● **Required work**
Once the line containing "국민의힘 초선 공부모임" is found in the records below, return it and each following line exactly, up to and including the line containing "11月9日晚,由校团委、保卫", and nothing else.

● **Recorded information**
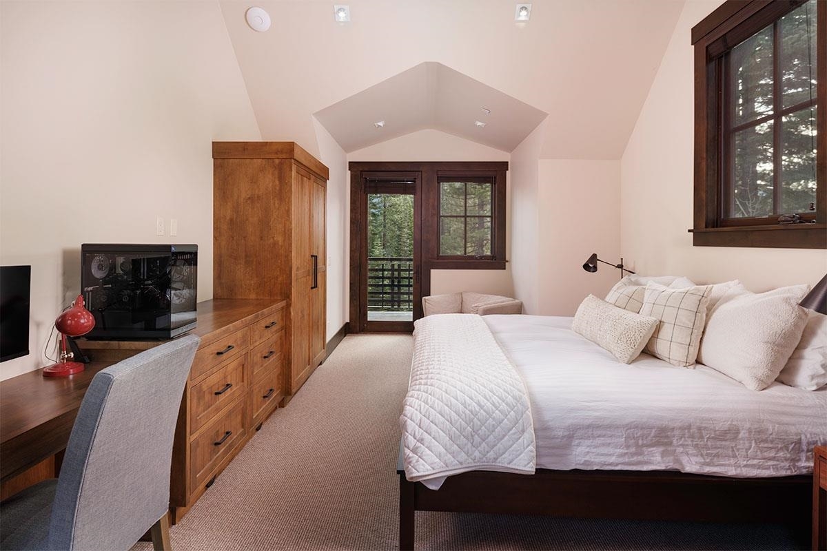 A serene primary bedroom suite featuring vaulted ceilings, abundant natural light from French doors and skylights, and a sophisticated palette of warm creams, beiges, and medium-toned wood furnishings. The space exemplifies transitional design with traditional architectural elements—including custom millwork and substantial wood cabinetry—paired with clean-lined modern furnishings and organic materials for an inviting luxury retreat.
* * *
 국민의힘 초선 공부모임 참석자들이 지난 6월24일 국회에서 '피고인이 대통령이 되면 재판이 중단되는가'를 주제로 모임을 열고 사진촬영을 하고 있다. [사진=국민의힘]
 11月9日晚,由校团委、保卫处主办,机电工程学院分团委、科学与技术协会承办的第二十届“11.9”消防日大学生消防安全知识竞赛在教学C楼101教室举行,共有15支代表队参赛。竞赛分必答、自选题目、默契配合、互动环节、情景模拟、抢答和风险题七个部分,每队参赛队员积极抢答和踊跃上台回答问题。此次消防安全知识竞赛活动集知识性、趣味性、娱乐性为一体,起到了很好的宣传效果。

● **Reply**
 국민의힘 초선 공부모임 참석자들이 지난 6월24일 국회에서 '피고인이 대통령이 되면 재판이 중단되는가'를 주제로 모임을 열고 사진촬영을 하고 있다. [사진=국민의힘]
 11月9日晚,由校团委、保卫处主办,机电工程学院分团委、科学与技术协会承办的第二十届“11.9”消防日大学生消防安全知识竞赛在教学C楼101教室举行,共有15支代表队参赛。竞赛分必答、自选题目、默契配合、互动环节、情景模拟、抢答和风险题七个部分,每队参赛队员积极抢答和踊跃上台回答问题。此次消防安全知识竞赛活动集知识性、趣味性、娱乐性为一体,起到了很好的宣传效果。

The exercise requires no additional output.